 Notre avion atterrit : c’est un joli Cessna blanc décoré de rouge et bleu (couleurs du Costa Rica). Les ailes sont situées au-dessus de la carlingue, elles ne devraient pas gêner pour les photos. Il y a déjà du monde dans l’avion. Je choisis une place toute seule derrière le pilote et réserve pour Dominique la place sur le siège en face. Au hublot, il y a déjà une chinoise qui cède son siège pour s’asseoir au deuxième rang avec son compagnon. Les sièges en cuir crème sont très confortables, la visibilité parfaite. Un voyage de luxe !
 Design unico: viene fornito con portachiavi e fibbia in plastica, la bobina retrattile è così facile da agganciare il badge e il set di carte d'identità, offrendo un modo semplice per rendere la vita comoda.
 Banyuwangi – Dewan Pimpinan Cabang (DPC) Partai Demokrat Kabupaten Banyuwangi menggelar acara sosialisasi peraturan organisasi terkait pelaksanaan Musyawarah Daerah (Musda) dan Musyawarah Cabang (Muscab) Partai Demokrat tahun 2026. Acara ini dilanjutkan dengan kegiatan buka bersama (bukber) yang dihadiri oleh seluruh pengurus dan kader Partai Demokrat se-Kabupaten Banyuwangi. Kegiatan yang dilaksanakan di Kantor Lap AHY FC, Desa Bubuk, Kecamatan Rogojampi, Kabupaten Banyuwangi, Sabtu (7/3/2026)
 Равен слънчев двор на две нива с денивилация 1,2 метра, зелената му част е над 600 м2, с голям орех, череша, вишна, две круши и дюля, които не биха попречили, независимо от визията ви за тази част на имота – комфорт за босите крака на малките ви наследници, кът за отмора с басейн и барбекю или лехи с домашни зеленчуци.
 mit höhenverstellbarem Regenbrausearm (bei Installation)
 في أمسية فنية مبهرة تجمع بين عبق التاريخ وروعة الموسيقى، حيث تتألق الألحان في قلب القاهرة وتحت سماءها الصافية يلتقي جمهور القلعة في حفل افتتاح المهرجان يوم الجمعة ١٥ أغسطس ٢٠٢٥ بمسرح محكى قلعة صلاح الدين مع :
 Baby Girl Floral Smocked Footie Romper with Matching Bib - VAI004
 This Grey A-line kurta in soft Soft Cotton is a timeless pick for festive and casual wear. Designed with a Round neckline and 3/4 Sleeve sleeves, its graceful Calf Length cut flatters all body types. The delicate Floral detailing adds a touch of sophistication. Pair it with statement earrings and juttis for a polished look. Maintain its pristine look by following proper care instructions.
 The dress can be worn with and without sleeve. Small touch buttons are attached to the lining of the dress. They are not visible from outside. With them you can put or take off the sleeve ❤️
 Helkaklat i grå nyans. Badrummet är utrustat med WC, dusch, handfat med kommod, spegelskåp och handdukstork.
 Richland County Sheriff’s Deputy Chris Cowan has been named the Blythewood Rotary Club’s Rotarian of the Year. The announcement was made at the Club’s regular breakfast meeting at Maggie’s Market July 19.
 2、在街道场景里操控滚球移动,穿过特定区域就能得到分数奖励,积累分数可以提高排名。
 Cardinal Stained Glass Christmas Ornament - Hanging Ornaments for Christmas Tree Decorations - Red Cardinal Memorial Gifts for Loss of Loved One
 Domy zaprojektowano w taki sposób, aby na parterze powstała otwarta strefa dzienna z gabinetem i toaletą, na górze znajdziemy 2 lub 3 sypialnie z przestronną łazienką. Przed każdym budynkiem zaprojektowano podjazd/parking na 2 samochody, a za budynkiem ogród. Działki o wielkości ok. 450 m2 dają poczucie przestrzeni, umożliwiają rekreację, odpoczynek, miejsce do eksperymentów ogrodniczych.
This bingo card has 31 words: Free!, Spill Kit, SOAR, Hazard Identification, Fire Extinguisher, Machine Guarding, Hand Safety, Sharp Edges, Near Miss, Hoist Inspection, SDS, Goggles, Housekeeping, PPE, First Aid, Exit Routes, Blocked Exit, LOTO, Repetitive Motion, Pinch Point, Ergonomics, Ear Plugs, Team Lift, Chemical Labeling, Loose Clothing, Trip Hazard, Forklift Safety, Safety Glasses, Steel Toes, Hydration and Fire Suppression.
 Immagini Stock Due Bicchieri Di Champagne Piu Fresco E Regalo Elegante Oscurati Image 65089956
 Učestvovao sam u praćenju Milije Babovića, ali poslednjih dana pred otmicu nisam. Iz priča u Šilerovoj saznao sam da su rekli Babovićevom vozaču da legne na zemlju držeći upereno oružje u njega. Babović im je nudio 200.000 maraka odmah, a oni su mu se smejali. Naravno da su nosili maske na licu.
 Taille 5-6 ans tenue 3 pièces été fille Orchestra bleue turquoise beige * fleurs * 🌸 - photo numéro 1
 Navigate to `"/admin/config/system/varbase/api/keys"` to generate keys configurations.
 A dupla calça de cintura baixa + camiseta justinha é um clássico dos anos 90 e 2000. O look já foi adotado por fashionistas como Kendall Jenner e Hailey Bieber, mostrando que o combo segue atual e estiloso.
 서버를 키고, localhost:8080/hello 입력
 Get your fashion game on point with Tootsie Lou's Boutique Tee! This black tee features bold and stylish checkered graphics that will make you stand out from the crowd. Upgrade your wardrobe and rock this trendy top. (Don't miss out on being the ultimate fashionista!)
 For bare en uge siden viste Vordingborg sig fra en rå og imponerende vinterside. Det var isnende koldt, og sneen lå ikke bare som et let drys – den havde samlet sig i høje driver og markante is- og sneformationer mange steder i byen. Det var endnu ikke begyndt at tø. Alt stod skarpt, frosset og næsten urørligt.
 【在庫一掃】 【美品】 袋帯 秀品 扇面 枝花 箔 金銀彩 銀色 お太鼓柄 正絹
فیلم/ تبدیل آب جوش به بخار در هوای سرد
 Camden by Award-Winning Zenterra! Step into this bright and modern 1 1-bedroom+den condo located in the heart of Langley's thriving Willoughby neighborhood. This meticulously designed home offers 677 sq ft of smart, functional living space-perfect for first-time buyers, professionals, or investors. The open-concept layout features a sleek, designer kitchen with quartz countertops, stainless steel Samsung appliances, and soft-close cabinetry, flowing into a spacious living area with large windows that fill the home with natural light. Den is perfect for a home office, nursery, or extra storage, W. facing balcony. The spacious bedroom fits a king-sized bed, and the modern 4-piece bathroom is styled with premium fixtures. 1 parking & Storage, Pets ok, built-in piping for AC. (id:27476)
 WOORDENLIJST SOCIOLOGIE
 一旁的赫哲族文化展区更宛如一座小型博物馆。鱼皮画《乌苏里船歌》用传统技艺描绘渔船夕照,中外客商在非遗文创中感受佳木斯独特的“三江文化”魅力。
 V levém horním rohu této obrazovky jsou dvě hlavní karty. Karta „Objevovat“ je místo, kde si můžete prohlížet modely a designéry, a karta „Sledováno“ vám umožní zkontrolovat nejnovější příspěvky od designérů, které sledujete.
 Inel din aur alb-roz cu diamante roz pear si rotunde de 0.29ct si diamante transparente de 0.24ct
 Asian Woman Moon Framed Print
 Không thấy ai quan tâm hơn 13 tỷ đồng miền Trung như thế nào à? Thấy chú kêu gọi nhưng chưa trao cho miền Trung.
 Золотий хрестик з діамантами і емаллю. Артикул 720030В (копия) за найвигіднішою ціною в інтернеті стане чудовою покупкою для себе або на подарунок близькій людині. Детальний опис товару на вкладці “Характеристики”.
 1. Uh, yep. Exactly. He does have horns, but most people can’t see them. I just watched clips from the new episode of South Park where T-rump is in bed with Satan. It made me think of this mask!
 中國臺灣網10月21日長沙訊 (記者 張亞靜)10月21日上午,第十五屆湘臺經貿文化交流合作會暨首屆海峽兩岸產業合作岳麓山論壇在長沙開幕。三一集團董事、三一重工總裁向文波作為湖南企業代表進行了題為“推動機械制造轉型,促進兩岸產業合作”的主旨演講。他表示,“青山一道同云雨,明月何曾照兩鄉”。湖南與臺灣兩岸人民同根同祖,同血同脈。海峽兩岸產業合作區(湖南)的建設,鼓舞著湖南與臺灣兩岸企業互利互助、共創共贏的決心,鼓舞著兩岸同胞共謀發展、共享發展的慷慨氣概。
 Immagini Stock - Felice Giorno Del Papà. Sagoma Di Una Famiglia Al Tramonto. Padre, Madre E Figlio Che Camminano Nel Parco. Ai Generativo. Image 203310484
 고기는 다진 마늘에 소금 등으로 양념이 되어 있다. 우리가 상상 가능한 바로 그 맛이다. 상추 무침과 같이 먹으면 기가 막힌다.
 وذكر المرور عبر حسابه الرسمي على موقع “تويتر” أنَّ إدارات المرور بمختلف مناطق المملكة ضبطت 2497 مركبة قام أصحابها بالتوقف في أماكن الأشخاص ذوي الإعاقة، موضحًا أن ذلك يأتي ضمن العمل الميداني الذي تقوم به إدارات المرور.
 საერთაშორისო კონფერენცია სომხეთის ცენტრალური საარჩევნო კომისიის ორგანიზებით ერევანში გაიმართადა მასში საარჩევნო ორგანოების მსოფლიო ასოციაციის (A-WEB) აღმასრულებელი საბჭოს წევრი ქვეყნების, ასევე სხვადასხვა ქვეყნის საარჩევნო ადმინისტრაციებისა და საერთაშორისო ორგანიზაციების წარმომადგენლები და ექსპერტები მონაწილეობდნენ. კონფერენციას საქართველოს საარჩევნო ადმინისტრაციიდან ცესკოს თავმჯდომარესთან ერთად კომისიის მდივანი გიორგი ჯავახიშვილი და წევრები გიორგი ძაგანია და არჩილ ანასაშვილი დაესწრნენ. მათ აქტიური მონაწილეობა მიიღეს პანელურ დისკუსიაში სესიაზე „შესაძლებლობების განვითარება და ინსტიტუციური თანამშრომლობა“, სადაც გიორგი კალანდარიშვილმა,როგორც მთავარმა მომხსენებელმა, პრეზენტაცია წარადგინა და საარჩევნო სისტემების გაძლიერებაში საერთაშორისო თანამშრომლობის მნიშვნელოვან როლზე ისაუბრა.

────────────────────────────────────────

> [Exercise brief]
Please, from the material above, copy only the lines from the line with "في أمسية فنية" up to and including the line with "This bingo card", exactly as written.

> [Expected answer]
 في أمسية فنية مبهرة تجمع بين عبق التاريخ وروعة الموسيقى، حيث تتألق الألحان في قلب القاهرة وتحت سماءها الصافية يلتقي جمهور القلعة في حفل افتتاح المهرجان يوم الجمعة ١٥ أغسطس ٢٠٢٥ بمسرح محكى قلعة صلاح الدين مع :
 Baby Girl Floral Smocked Footie Romper with Matching Bib - VAI004
 This Grey A-line kurta in soft Soft Cotton is a timeless pick for festive and casual wear. Designed with a Round neckline and 3/4 Sleeve sleeves, its graceful Calf Length cut flatters all body types. The delicate Floral detailing adds a touch of sophistication. Pair it with statement earrings and juttis for a polished look. Maintain its pristine look by following proper care instructions.
 The dress can be worn with and without sleeve. Small touch buttons are attached to the lining of the dress. They are not visible from outside. With them you can put or take off the sleeve ❤️
 Helkaklat i grå nyans. Badrummet är utrustat med WC, dusch, handfat med kommod, spegelskåp och handdukstork.
 Richland County Sheriff’s Deputy Chris Cowan has been named the Blythewood Rotary Club’s Rotarian of the Year. The announcement was made at the Club’s regular breakfast meeting at Maggie’s Market July 19.
 2、在街道场景里操控滚球移动,穿过特定区域就能得到分数奖励,积累分数可以提高排名。
 Cardinal Stained Glass Christmas Ornament - Hanging Ornaments for Christmas Tree Decorations - Red Cardinal Memorial Gifts for Loss of Loved One
 Domy zaprojektowano w taki sposób, aby na parterze powstała otwarta strefa dzienna z gabinetem i toaletą, na górze znajdziemy 2 lub 3 sypialnie z przestronną łazienką. Przed każdym budynkiem zaprojektowano podjazd/parking na 2 samochody, a za budynkiem ogród. Działki o wielkości ok. 450 m2 dają poczucie przestrzeni, umożliwiają rekreację, odpoczynek, miejsce do eksperymentów ogrodniczych.
This bingo card has 31 words: Free!, Spill Kit, SOAR, Hazard Identification, Fire Extinguisher, Machine Guarding, Hand Safety, Sharp Edges, Near Miss, Hoist Inspection, SDS, Goggles, Housekeeping, PPE, First Aid, Exit Routes, Blocked Exit, LOTO, Repetitive Motion, Pinch Point, Ergonomics, Ear Plugs, Team Lift, Chemical Labeling, Loose Clothing, Trip Hazard, Forklift Safety, Safety Glasses, Steel Toes, Hydration and Fire Suppression.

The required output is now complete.